それにこうやって朝食を作ったにはお礼の意味もあったが、サーニャが帰ってくるまでの
深夜から朝までの暇な時間を潰すためのものでもあった。
「そうだそうだ、まだ他の奴らも分も作らないと。二人ともこんな面倒なこと、よく毎朝できるよな、本当」
追求を恐れたエイラは、そそくさと厨房へと行こうと背を向けると、
「ああ、あと誰かにどやされる前に電球を片付けとかないとな。

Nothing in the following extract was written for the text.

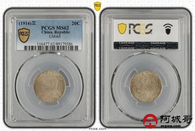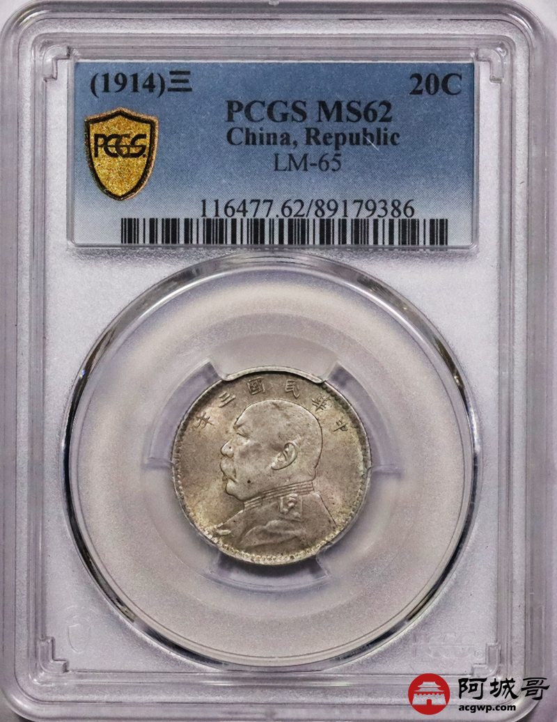 Lot:4 黄油原光三年大头贰角 PCGS MS62

それと・・・ありがとな」
そう言い残してエイラは厨房へと戻っていった。

「ねぇ、リーネちゃん」
「ん?」
「一つ聞きたいことがあるんだけど」
「何?」
「フェルナンヌウス祭ってどんなお祭りなの?」
「えっ? え~と・・・」
エイラのサンドイッチを頬張りながら、宮藤は素朴な疑問をリーネに投げかけた。
「元々はロマーニャのお祭りで、大事な人にお菓子やプレゼントを渡す日だよ」
「へぇ~、扶桑じゃそんなの無かったからなぁ~。じゃあさ、お互いにお菓子の送り合いっこしない? 
私が扶桑のお菓子を作るから、リーネちゃんはブリタニアのお菓子で」
「う・・・うん、いいよ」
リーネは少しドギマギしながら答える。
「何作ろうかなぁ~」
その後二人はお菓子談義で盛り上がった。宮藤は無邪気な顔で、リーネは少し頬を赤らめながら・・・。